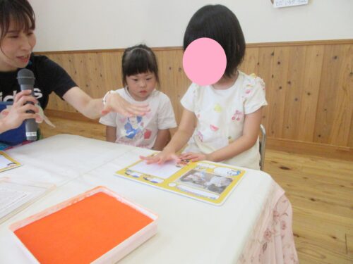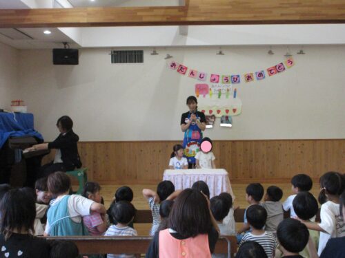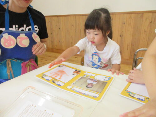 第2部は、『おやつたーべよ』と言うペープサートと、『ねこのピート だいすきなよっつのボタン』と言う音つき絵本をみんなで見ました
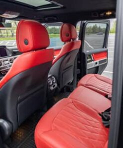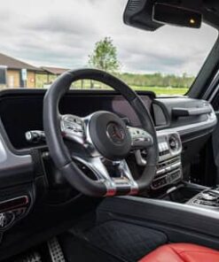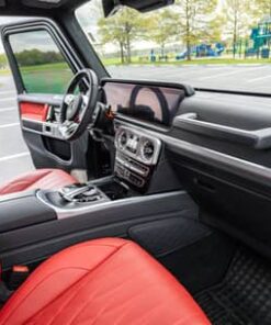 THIS… is a 2022 Mercedes-AMG G63, finished in Obsidian Black Metallic with a Classic Red and black interior.
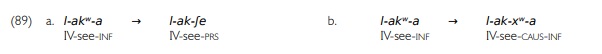 Aside from general considerations stemming from principles of acoustics and perceptual phonetics, it is not hard to find cross-linguistic evidence supporting the contention that such secondary articulations found in stop consonants behave phonologically as if ‘looking for’ a supporting vowel. Thus, in Khwarshi, an Eastern Caucasian language, labialization is found as a secondary articulation feature, mostly in velar and uvular consonants (Khalilova, 2009, pp. 17-18). The contrast is restricted basically to word-initial and word-medial position preceding a vowel, as in etʷa ‘fly’ vs. eta ‘touch’, lakʷa ‘see’ vs. laka ‘lick’. The dynamic phonology of the language also demonstrates a preference for such labialized release consonants to occur preceding a vowel. Labialization is either lost (89a) or transferred to another consonant, one that precedes a vowel (89b), whenever a -C(V) suffix is added to a root containing a final labialized stop.

TRY IT:
Output the material word for word, omitting its pictures.

TASK OUTPUT:
 第2部は、『おやつたーべよ』と言うペープサートと、『ねこのピート だいすきなよっつのボタン』と言う音つき絵本をみんなで見ました
 THIS… is a 2022 Mercedes-AMG G63, finished in Obsidian Black Metallic with a Classic Red and black interior.
 Aside from general considerations stemming from principles of acoustics and perceptual phonetics, it is not hard to find cross-linguistic evidence supporting the contention that such secondary articulations found in stop consonants behave phonologically as if ‘looking for’ a supporting vowel. Thus, in Khwarshi, an Eastern Caucasian language, labialization is found as a secondary articulation feature, mostly in velar and uvular consonants (Khalilova, 2009, pp. 17-18). The contrast is restricted basically to word-initial and word-medial position preceding a vowel, as in etʷa ‘fly’ vs. eta ‘touch’, lakʷa ‘see’ vs. laka ‘lick’. The dynamic phonology of the language also demonstrates a preference for such labialized release consonants to occur preceding a vowel. Labialization is either lost (89a) or transferred to another consonant, one that precedes a vowel (89b), whenever a -C(V) suffix is added to a root containing a final labialized stop.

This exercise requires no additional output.